27 坦白 (第1/2页)
彩春紧张到屏住呼吸,大气也不敢出。
一定是因为王叔给公主另许婚姻的事。
贵主恐怕气坏了,否则也不可能大冷的天,三更半夜回到王都。
萧挽霜挥了挥手,命彩春退下。
彩春担忧地看了公主一眼,服从地离去,拉上房门,却守在房门外,一刻也不敢懈怠。
见到萧挽霜,桓墨面上的神色才缓和了许多。
他站在温暖的屋中,湿透的衣裳一点一点将冰凉浸透肌肤,才真正令他后知后觉地感觉到冷意。

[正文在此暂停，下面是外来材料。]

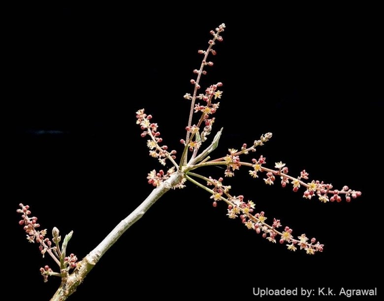 Fruits (drupes): Ovoid, 8-9 mm long, reddish, trivalvate.
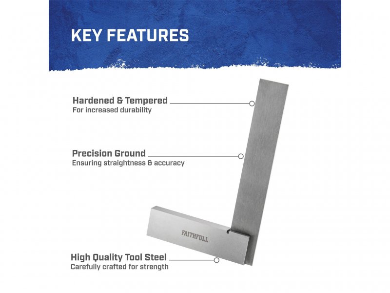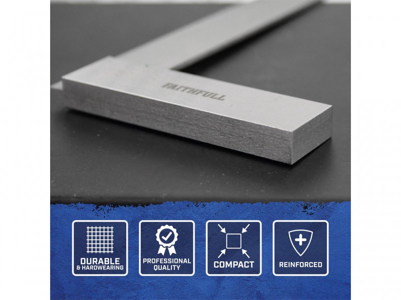 The Faithfull Engineers Square has been carefully crafted from high quality tool steel, these squares are accurate to BS939 Grade B standard. The stock and blade are precision ground to ensure straightness and accuracy, and the spring steel blade is hardened and tempered for increased durability.
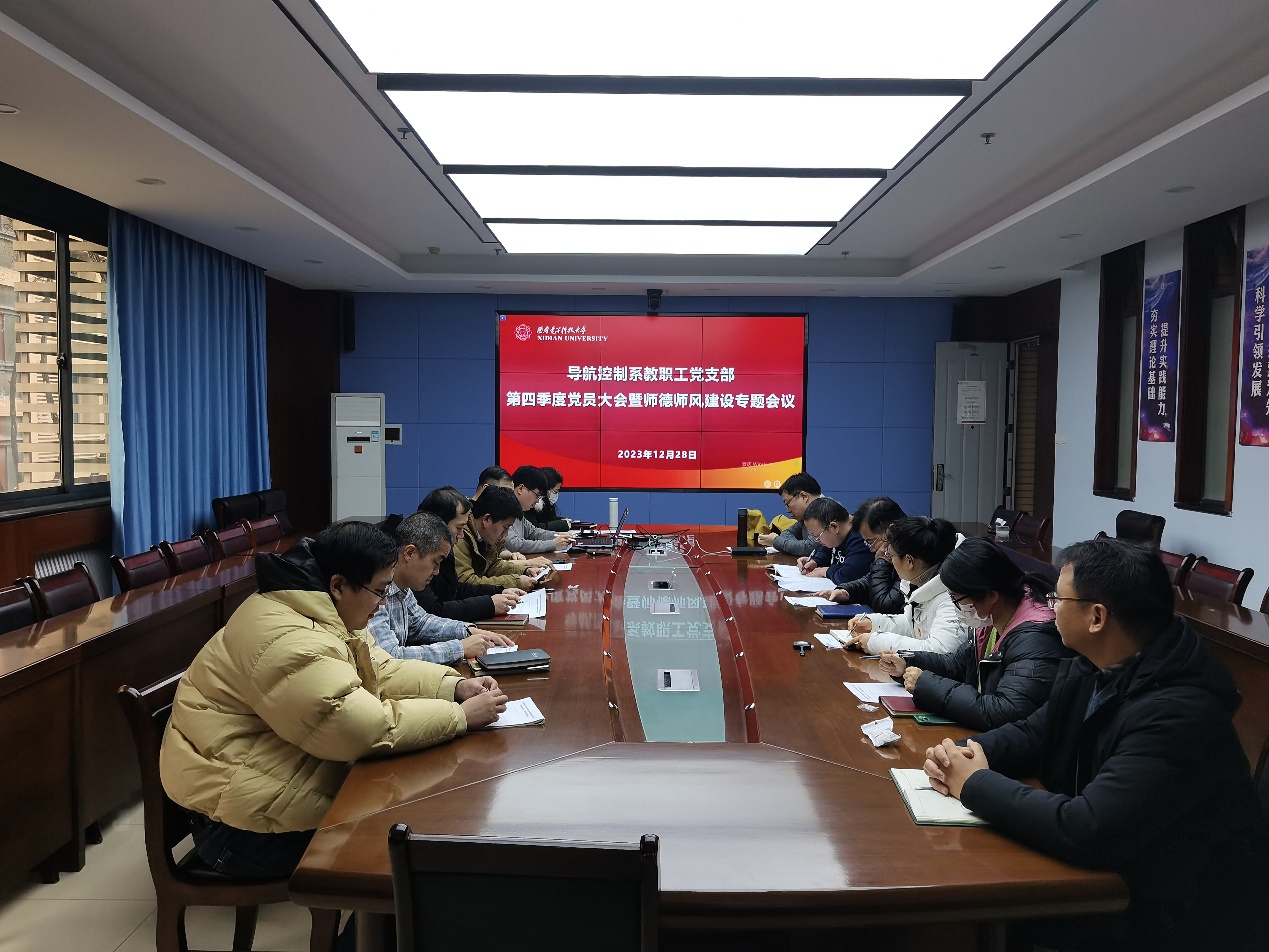 (通讯员 王光敏)为深入学习贯彻习近平总书记关于教师队伍建设的重要论述,落实立德树人根本任务,大力弘扬教育家精神,以高质量师德师风建设引领高质量教师队伍建设,2023年12月28日下午,空间科学与技术学院导航控制系教职工党支部召开党员大会暨师德师风建设专题会议。会议由导航控制系教职工党支部书记、系主任戴浩主持,导航控制系全体教师参加会议。
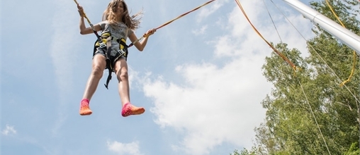 L'Elasto Trampoline est un mélange de saut à l'élastique et de trampoline. Résultat : vous pouvez sauter très haut et même faire des saltos, en toute sécurité. Amusant pour les adultes comme pour les enfants.
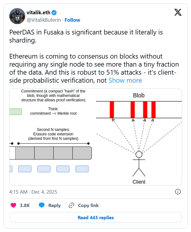 PeerDAS, the upgrade’s central feature, lets validators sample smaller data segments instead of downloading entire blobs, reducing bandwidth strain. Developers said this could expand blob capacity nearly eightfold and sharply lower Layer 2 rollup costs without affecting base-layer security.
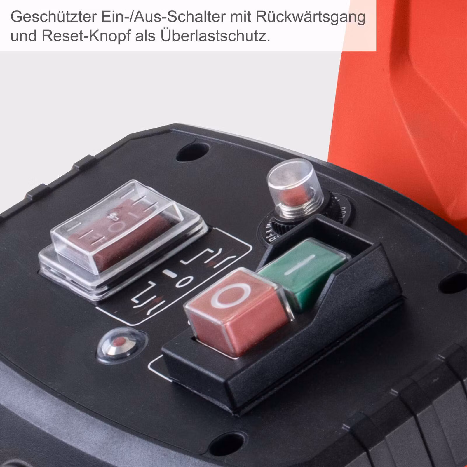 - Védett be-/kikapcsoló és visszaállító gomb túlterhelés elleni védelemként újraindítás elleni védelemmel
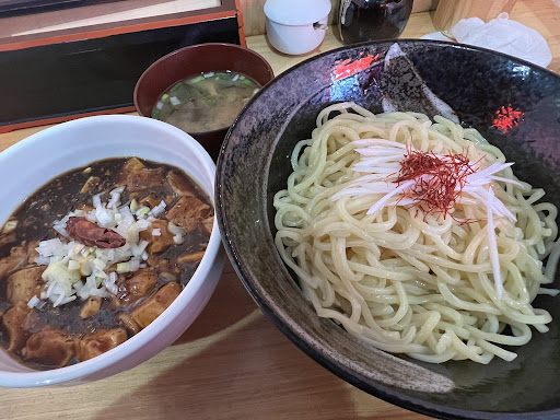 熱々の麻婆豆腐はピリ辛で、にんにくも効いており美味しい。麺リフトをすると湯気で写真がくとるほど。 最初はピリ辛で、それほど辛くないかなと思ってましたが、食べ進めると汗が出てきます。妻のつけ麺もいただきましたが、こちらの方が辛くないでね。
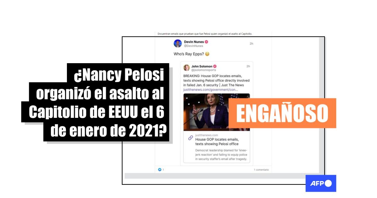La AFP ha verificado anteriormente en inglés piezas de desinformación que aseguraban que el asalto fue una puesta en escena de Pelosi.
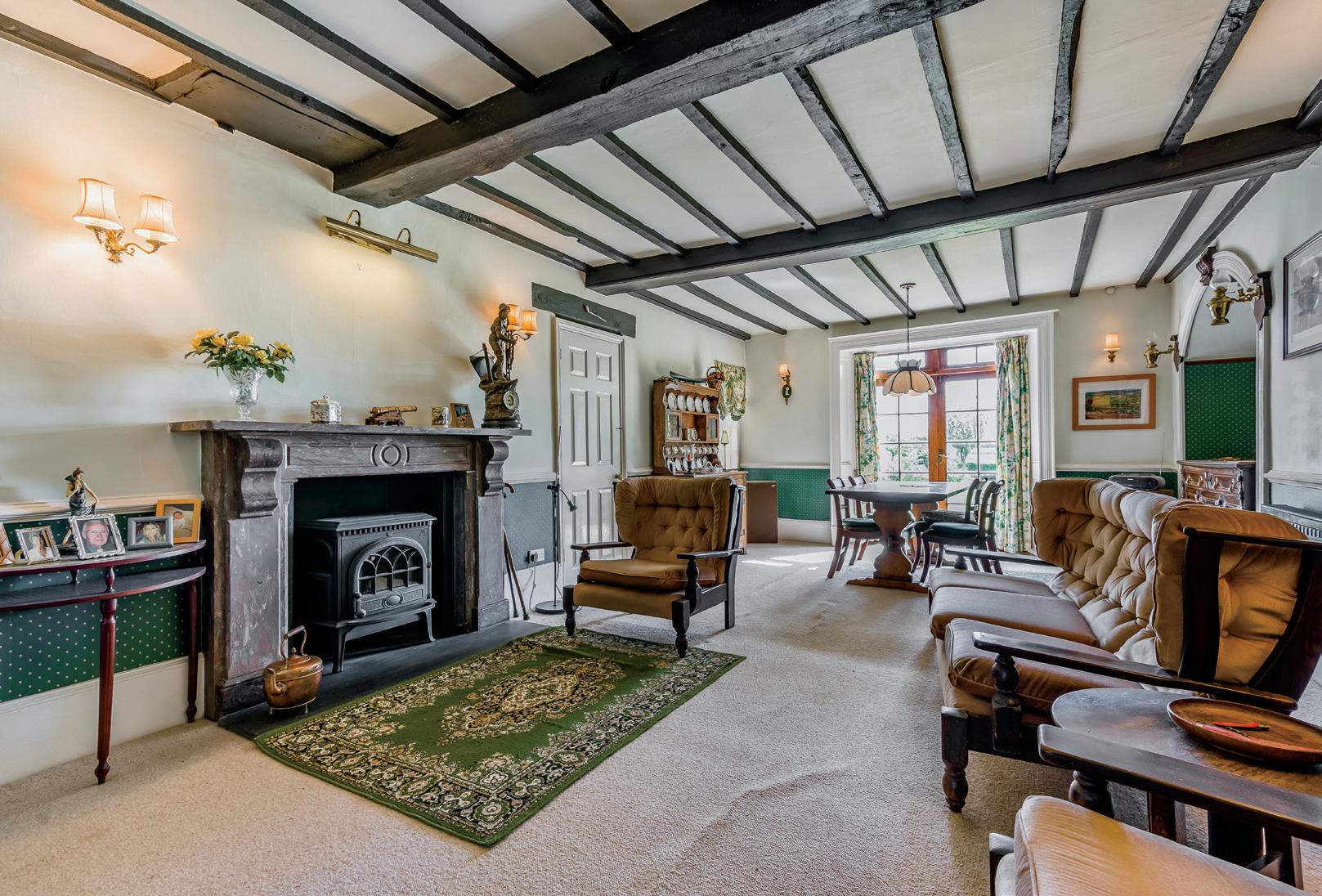 At the rear of the property are two additional reception rooms, including a formal dining room with a recessed crockery display case and a glass wall that separates it from the entrance hall—a striking feature. The main lounge also boasts character, with ceiling beams, a beautiful inset feature archway, and French doors opening out to the garden.
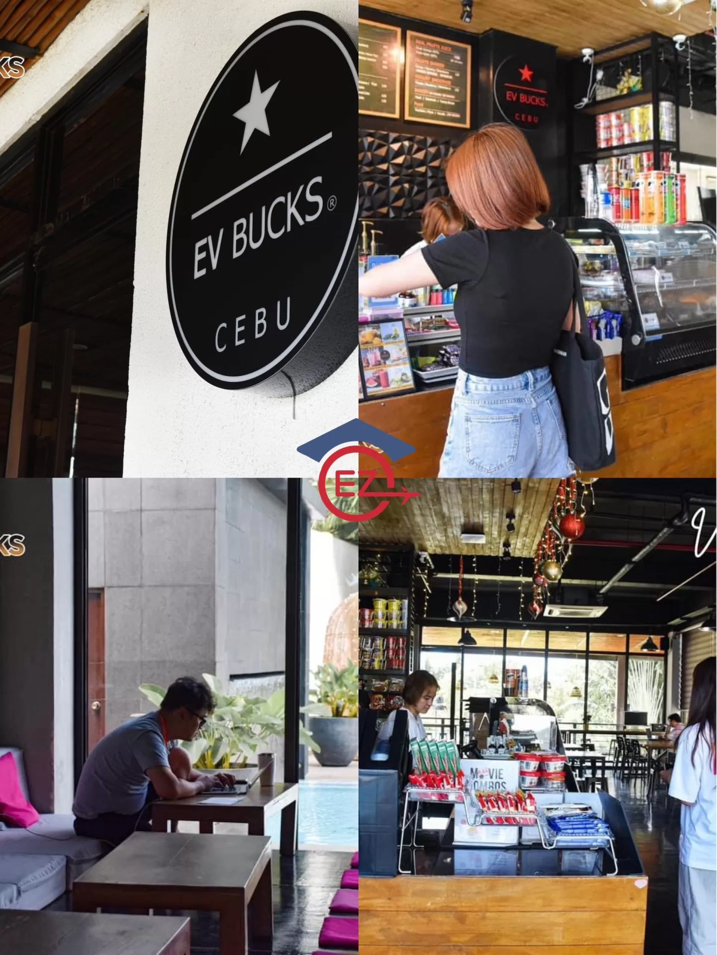 Ngay từ phía tay trái khi đi từ cổng chính, các bạn sẽ thấy 1 quán cà phê cực xinh xắn, tên là EVBucks được thiết kế theo lối cổ điển pha chút hiện đại, là không gian cực chill cho các bạn Gen Z "tám chuyện" cuối tuần hoặc sau giờ học.
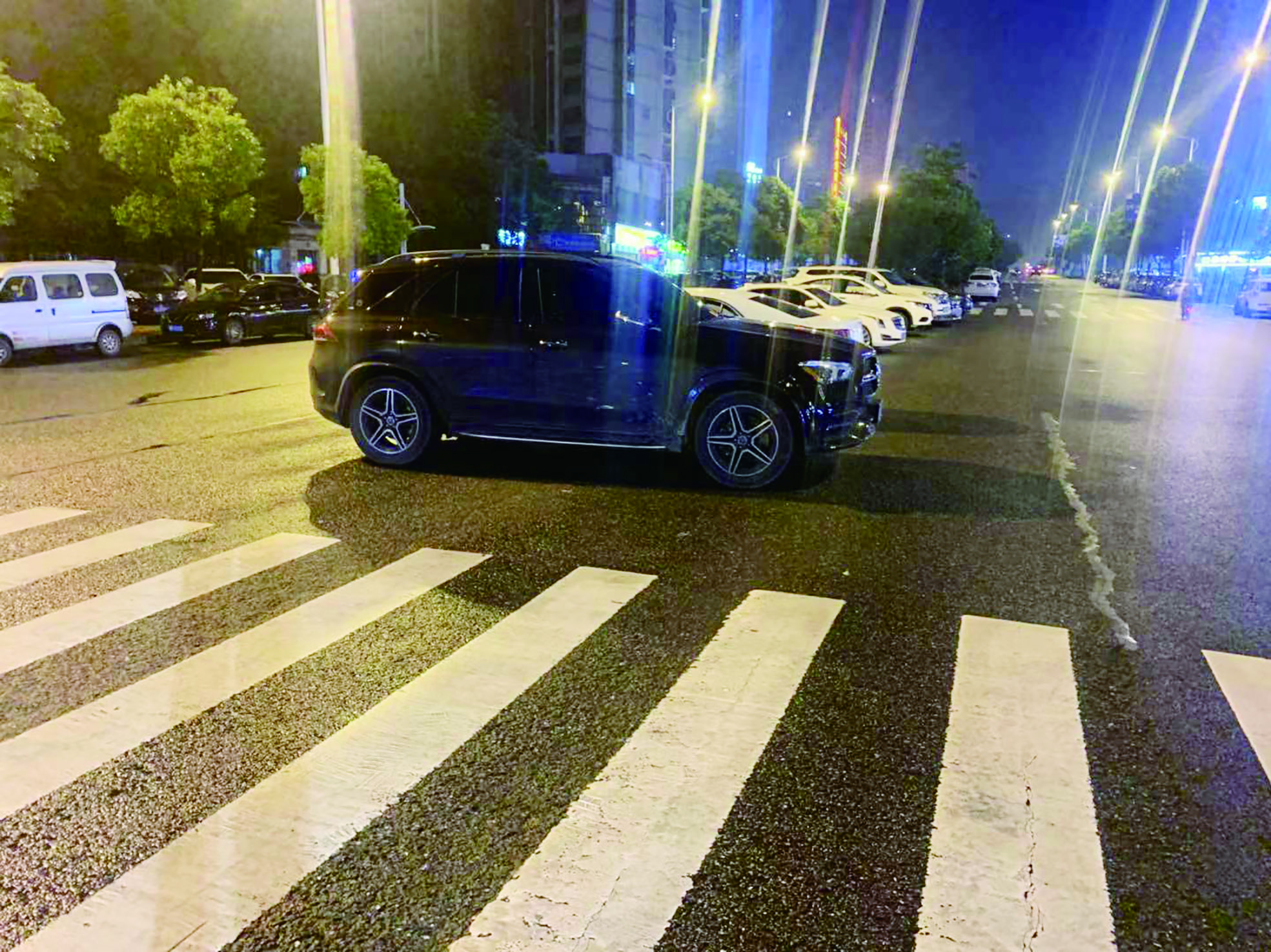 ▲美的城小区附近,不少车辆违停在马路中间。 记者 贺天鸿 摄
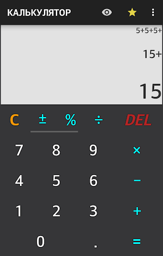• Другие операторы: %, ±, x², √ и многое другое, которые будут добавлены в следующих версиях. Чтобы получить доступ к ним все, просто прокрутить справа налево или наоборот на эти кнопки. Или просто подержать% и перетащить влево.
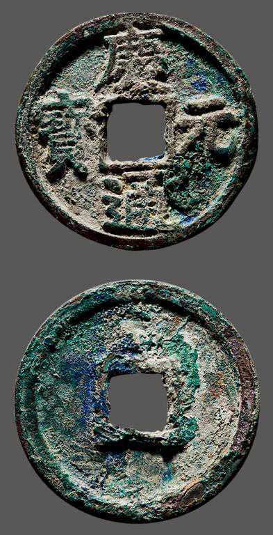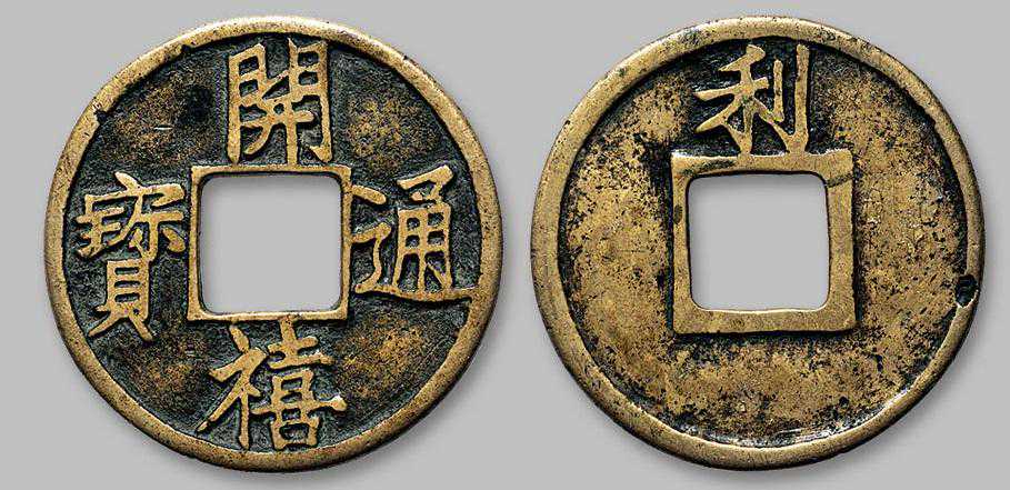 开庆通宝,理宗开庆元年铸,两种,此年号仅用一年,背文记年唯见元字。所以开庆通宝楷书折二背“元”的价格为数十元。
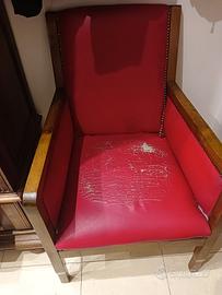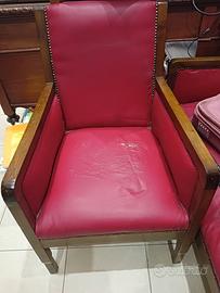 Divanetto, due poltrone, due sedie anni 40 in buono stato, simil pelle rossa, borchiato con finiture in legno.
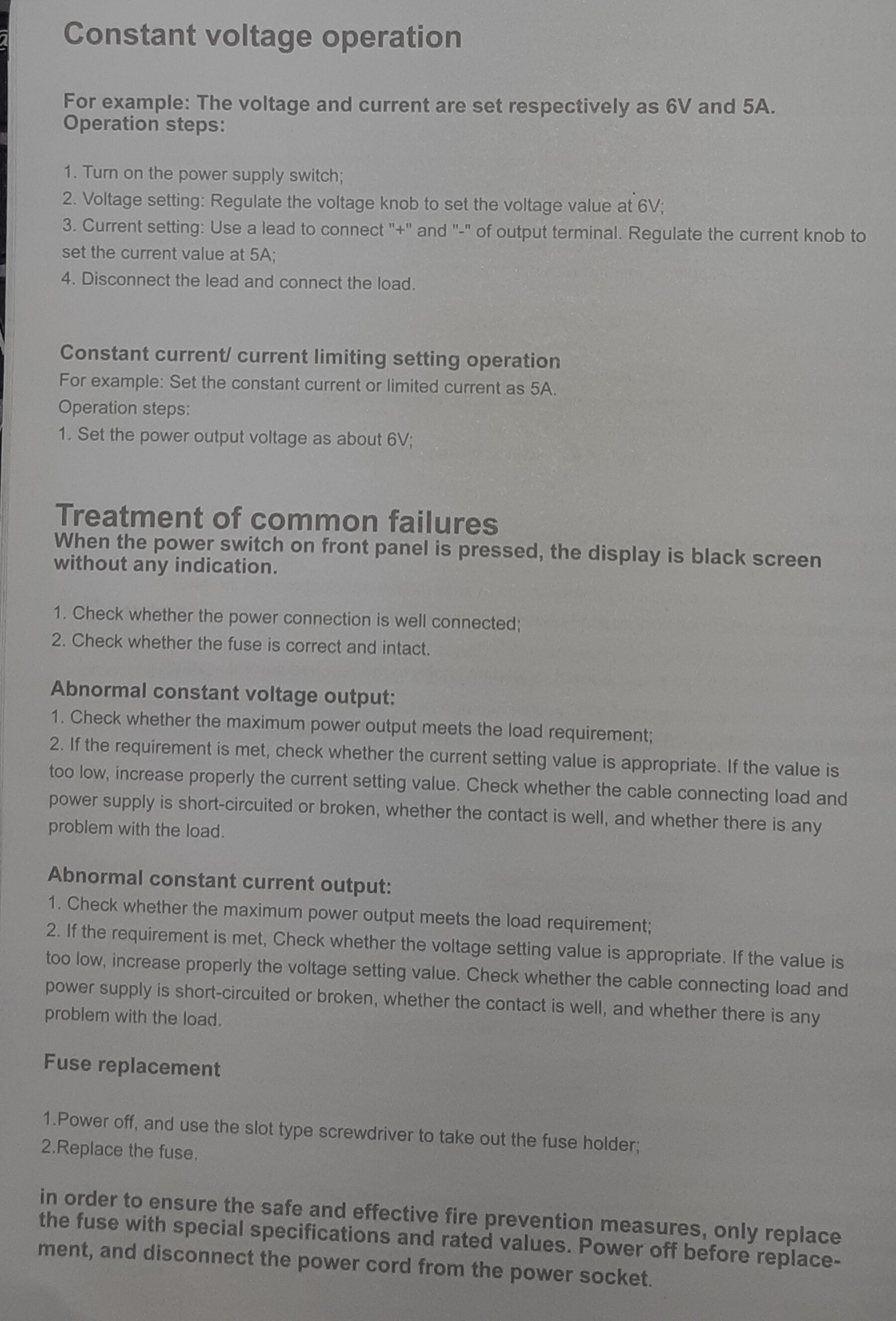 Aan de handleiding te zien is het een Aliexpress/Korad achtig geval, dus dan is (voor de toekomst, mocht je er ooit iets zwaarders mee gaan doen) het raadzaam om nooit langdurig de volledige stroom te trekken, maar daar flink onder te blijven (de helft is een goed uitgangspunt)
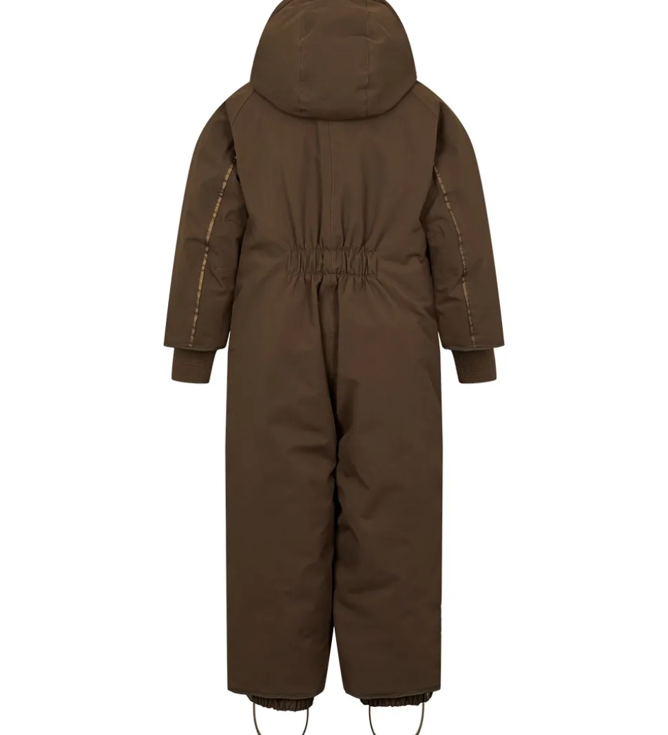 Skøn MarMar flyverdragt i mørkebrun med praktiske refleksdetaljer langs ærmerne og benene.

但他脸上的冷意却一点一点剥离,因为他奔波千里,所欲见之人,正在他面前。
萧挽霜起身,走至他身前,并无责备之色,反而伸手替他解衣。
“换衣服。”她担忧地道:“若生病了,如何看好东境和新地?”
桓墨拽住她的手:“公主不问我为何而来?”
“还能为什么,为瑜梵谨?”萧挽霜道。
就算他掩饰得再刻意,她也能清晰地从他眼中看到要杀人的冲动。
若不是瑜梵谨……
她忽地想到另一个可能,脱口而出:“难道是王叔?你不会已经……”
她犹记得上一次他杀桓炽有多迅速。
他眼中的杀意藏得更深,对她摇了摇头:“我答应过你,凡事同你商量。”
她一颗提着的心总算放了下来。
“杀戮可终结一个人,但还会有其他人站出来。对瑜梵谨,我想不如让他心服口服地战败。桓墨,我现在终于能够明白你曾经为何要执意统一各国。如今局势,唯有以战止战,方得休止。”
桓墨眼中似有不息潮水涌动,握着她的手紧了紧。
她终于说错话,露出了破绽。吞并各国是他上一世的事,她是不可能未卜先知的。
可说出去的话,已覆水难收。她开启了漫长的沉默。
“我有件事要说!”
几乎是同时的,两人异口同声。
话落,二人又各自谦让起来。
“公主先说。”
“驸马先说。”
“……”
又是一阵静默。
桓墨先开口道:“我之前同公主说你我在梦中错过,是假的。”
萧挽霜毫无惊异之色,反而透着洞悉一切的了然,拉着他坐下。
他没有松开她的手,像是怕一松手,眼前的人就会像上一世那样,自城楼上倒下。
“十五年了。”
他声音低沉,眸光渐渐涣散,像是陷入了某种很深的回忆:“我仍然分不清那是一场梦,还是一段真实发生的过去。但那些血腥、杀戮、痛苦,太真实,真实到我常常深夜惊醒,亦觉得遍布血腥的剑就握在手中。”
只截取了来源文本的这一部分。